Jan Pieterszoon Sweelinck
Sweelinck was als componist en als muziekpedagoog tot ver buiten de landsgrenzen bekend en beroemd. Reeds tijdens zijn leven verschenen vele van zijn vocale werken in druk en verspreidden zich over geheel Europa. Zo verschenen er in Berlijn zogeheten 'roofdrukken' in het Duits (in de zogeheten Lobwasser-vertaling) van Sweelincks meerstemmige zettingen van het Franstalige Geneefse psalter.
Van alle reizen die Sweelinck gemaakt heeft, staat er slechts een naar het buitenland geregistreerd: zijn dienstreis naar Antwerpen in 1604, bekostigd door de stad Amsterdam, waar hij bij de klavecimbelbouwers Ruckers in opdracht van het Amsterdamse stadsbestuur een nieuw klavecimbel kocht. Alleen het beschilderde deksel van dit stadsklavecimbel bleef bewaard.
De Engelse musici Peter Philips en John Bull, rooms-katholieken die naar de zuidelijke (of Oostenrijkse) Nederlanden waren gevlucht, zochten Sweelinck in Amsterdam op voor collegiaal contact. Philips deed dit in 1593 vanuit Brussel, John Bull ondernam veel later dezelfde reis met hetzelfde doel. Van laatstgenoemde is een fuga overgeleverd dat op een thema van Sweelinck gebaseerd is. In het beroemde (handgeschreven) Fitzwilliam Virginal Book, dat rond 1600 werd samengesteld uit 297 composities voor het toetsinstrument virginaal, blijken vier composities van Sweelinck te zijn opgenomen.
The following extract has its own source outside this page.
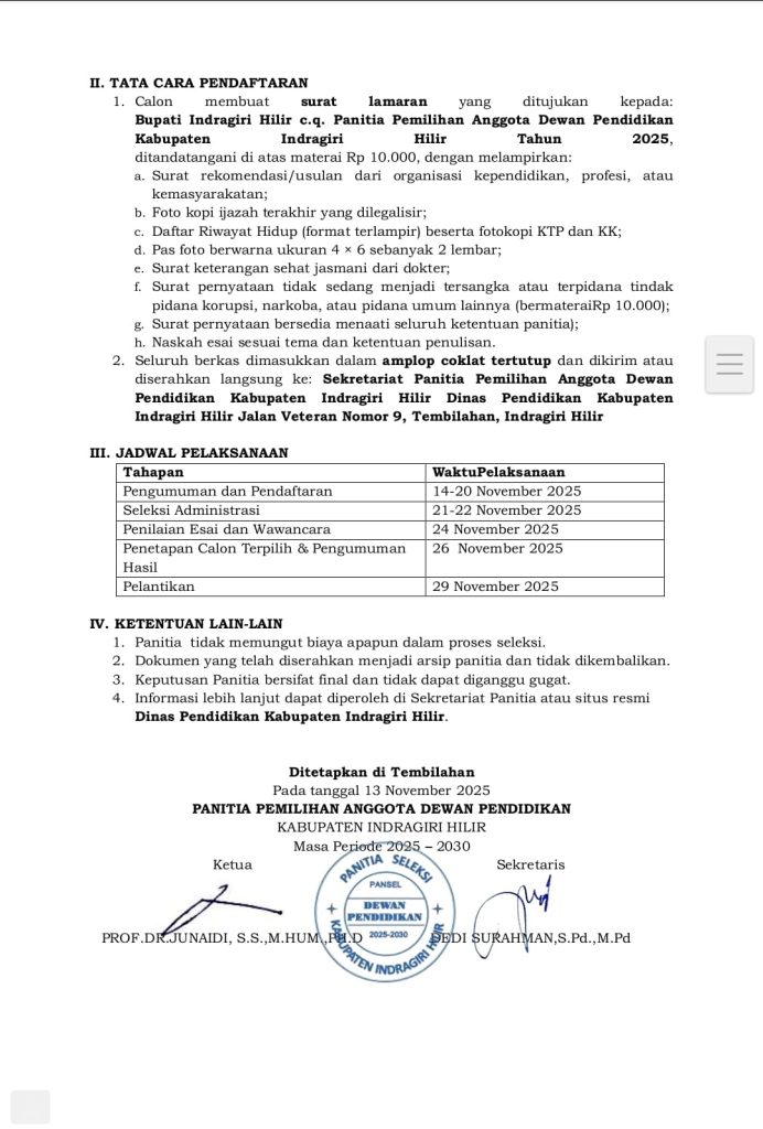 Pengumuman ini menjadi penanda dibukanya pendaftaran bagi masyarakat Inhil yang peduli dan ingin berkontribusi dalam memajukan dunia pendidikan di Kabupaten Inhil mulai dari tanggal 14 sampai 20 November 2025.

Opmerkelijk genoeg zijn tijdens Sweelincks leven geen, meestal in Duitse handgeschreven bronnen overgeleverde klavierwerken (orgel, klavecimbel) uitgegeven. Wel verzorgde zijn oud-leerling Samuel Scheidt de uitgave van een verzameling van driestemmige fantasieën, daarvan is tot nog toe geen enkel exemplaar in een bibliotheek of archief aangetroffen.
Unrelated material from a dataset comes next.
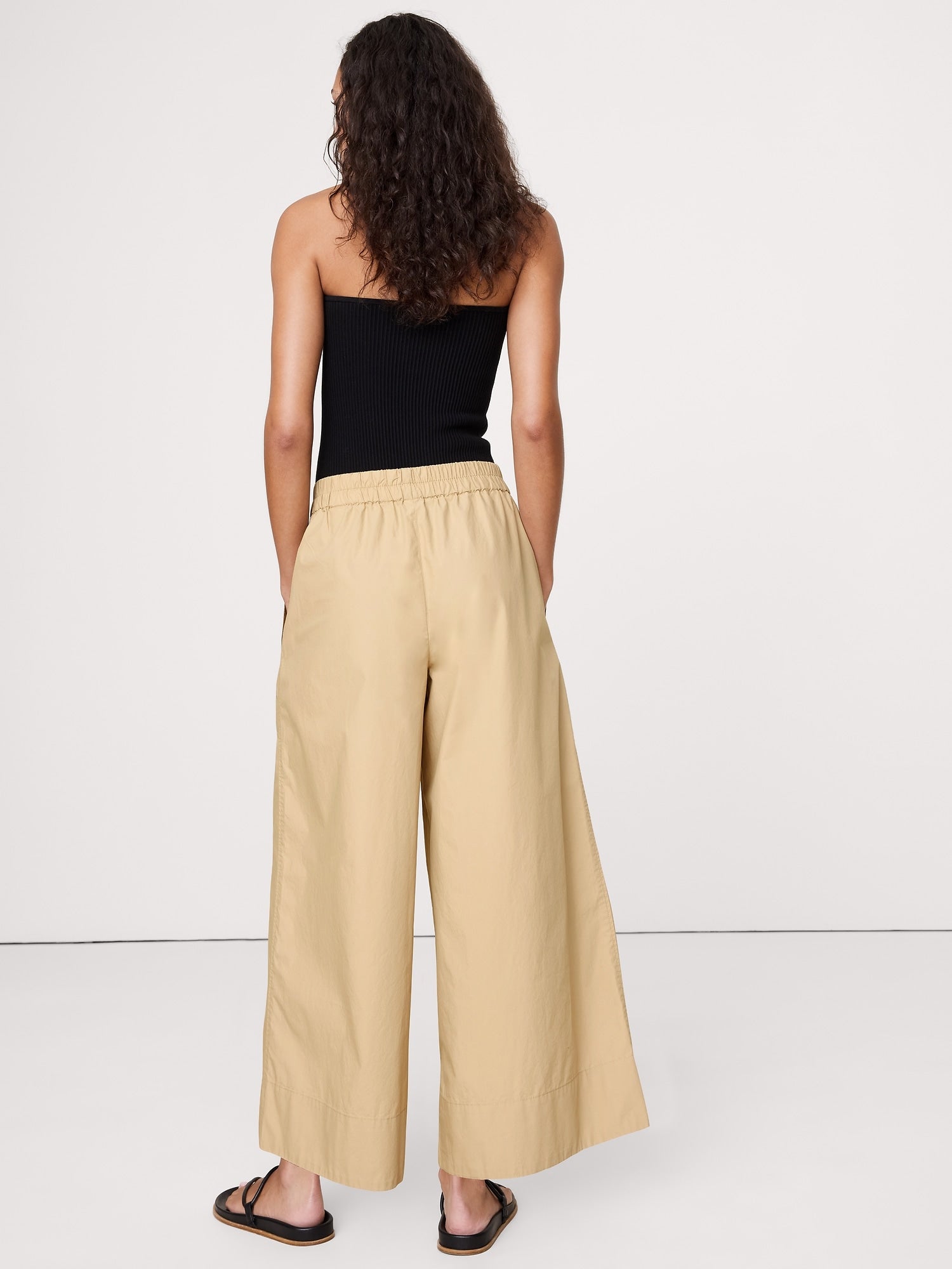 بنطال قطن بوبلين للكاحل بقصة ساق واسعة سهل الارتداء

Sweelinck moet niet alleen voortreffelijk musicus zijn geweest: over zijn talenten als briljant improvisator aan het klavecimbel en op orgel werd bij zijn leven reeds hoog opgegeven. Maar ook ging een sterke roep van hem uit als muziekpedagoog. Vooral uit noordelijk Duitsland stroomden leerlingen naar Amsterdam toe om bij Sweelinck het orgelspel en compositie te leren. Dit gebeurde tijdens het Twaalfjarige Bestand (1609-1621) tijdens de Tachtigjarige Oorlog. De periode waarin Sweelinck bezocht werd door belangrijke Engelse musici zoals Orlando Gibbons (voorjaar 1613). Voor laatstgenoemde was dit collegiale contact van grote betekenis: Gibbons wijzigde zijn componeren voor toetsinstrumenten sinds zijn bezoek aan Sweelinck in verregaande mate.
Door de trek van tal van jonge Duitse musici naar de Amsterdamse meester oefende Sweelinck grote invloed uit op de ontwikkeling van de orgel- en klavecimbelmuziek met name in noordelijk Duitsland. Zijn invloed zou zelfs reiken tot aan de jonge Johann Sebastian Bach die in de orgelmeesters Johann Adam Reincken uit Hamburg en in Dieterich Buxtehude uit Lübeck - die zelf leerlingen waren geweest van Sweelincks oud-leerling Heinrich Scheidemann - inspirerende voorbeeldfiguren vond.